SEBI Investment Advisors Amendment Regulations 2020
SEBI Investment Advisors Amendment Regulations 2020
The Securities Exchange Board of India recently vide PR No. 37/2020 notified of the amendments to the SEBI (Investment Advisors) Regulations, 2013. The Investment advisors amendment is aimed to strengthen the regulatory framework for investment advisors.
Overview of the SEBI Investment Advisors Amendment
In India, investment advisers (“IAs“) are regulated by the Securities and Exchange Board of India (Investment Advisers) Regulations, 2013 (“Principal Regulations“). The Principal Regulations inter alia specify conditions for registration, certification, capital adequacy, risk profiling and suitability, disclosures to be made, code of conduct, records to be maintained, manner of conducting inspection etc. with respect to IAs.
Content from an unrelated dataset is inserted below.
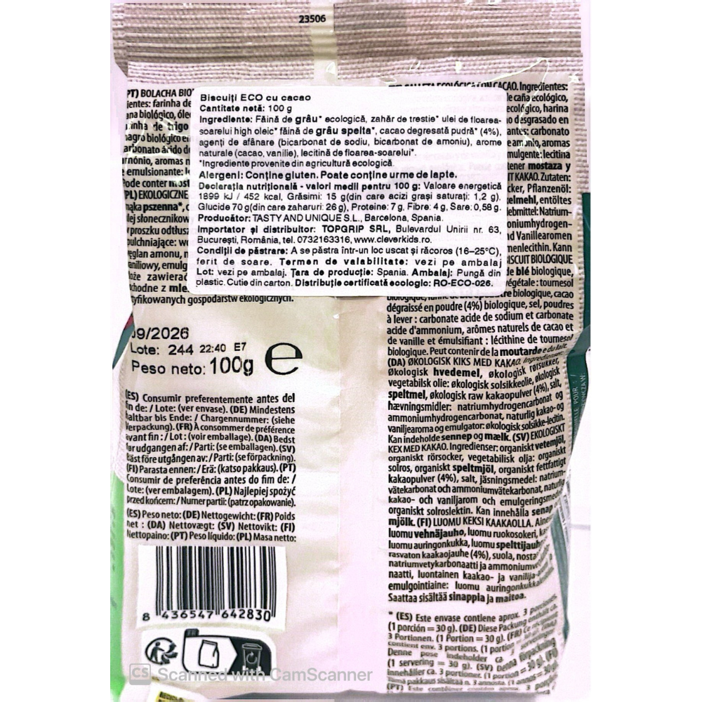 Mini Biscuiții BIO cu cacao  sunt realizați din ingrediente ecologice atent selecționate și oferă un gust plăcut, potrivit pentru copii și întreaga familie. Textura crocantă și aroma naturală de cacao transformă fiecare pauză într-un moment delicios.

Vide its gazette notification of July 03, 2020, the Securities and Exchange Board of India (SEBI) has notified amendments to these Principal Regulations1 .
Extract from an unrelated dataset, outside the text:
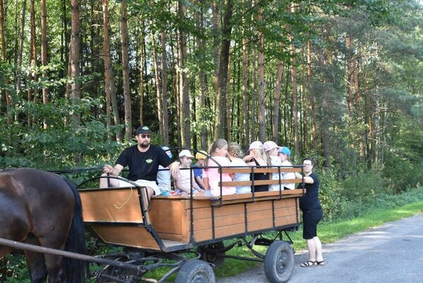Cała grupa korzystała z przejażdżek konnym wozem po okolicznych lasach i karmiła zwierzęta, co dla niektórych, głównie najmłodszych uczestników eskapady, było sporym przeżyciem. Ponadto zarówno dzieci, jak i rodzice mogli postrzelać z łuku oraz wziąć udział w warsztatach, podczas których wykonywali postaci sów z siana.
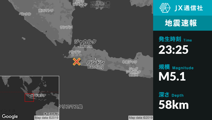 | 震源地 | インドネシアのSindanglautから南西8kmの地点 |

Earlier, in January, the Securities and Exchange Board of India had floated a consultation paper on review of the regulatory framework for investment advisors and asked for public comments on it. The consultation paper had created speculations among the RIA community concerning the fact of how this new regulatory regime would come forth, considering the challenging and competitive environment.
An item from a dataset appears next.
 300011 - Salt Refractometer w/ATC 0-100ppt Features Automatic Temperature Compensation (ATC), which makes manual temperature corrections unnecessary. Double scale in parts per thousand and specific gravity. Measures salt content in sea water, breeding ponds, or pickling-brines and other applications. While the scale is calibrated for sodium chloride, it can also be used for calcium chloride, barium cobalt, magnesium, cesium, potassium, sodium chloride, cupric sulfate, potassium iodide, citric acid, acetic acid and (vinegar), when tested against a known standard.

In January 2020, SEBI had issued a consultation paper on review of regulatory framework for IAs and sought comments from the public and stakeholders on the proposed changes. The consultation paper largely sought to propose clear segregation between advisory, distribution and execution services provided to a client by IAs.
On 3rd July, the speculations were put to rest when the market regulator (SEBI) came out with the final version of the amendment to SEBI Investment Advisors Regulations, 2013. The notification states that the amendments are slated to come into force on the nineteenth day from the date of publication in the official gazette. The amendments are expected to further strengthen the regulatory framework for Investment advisors.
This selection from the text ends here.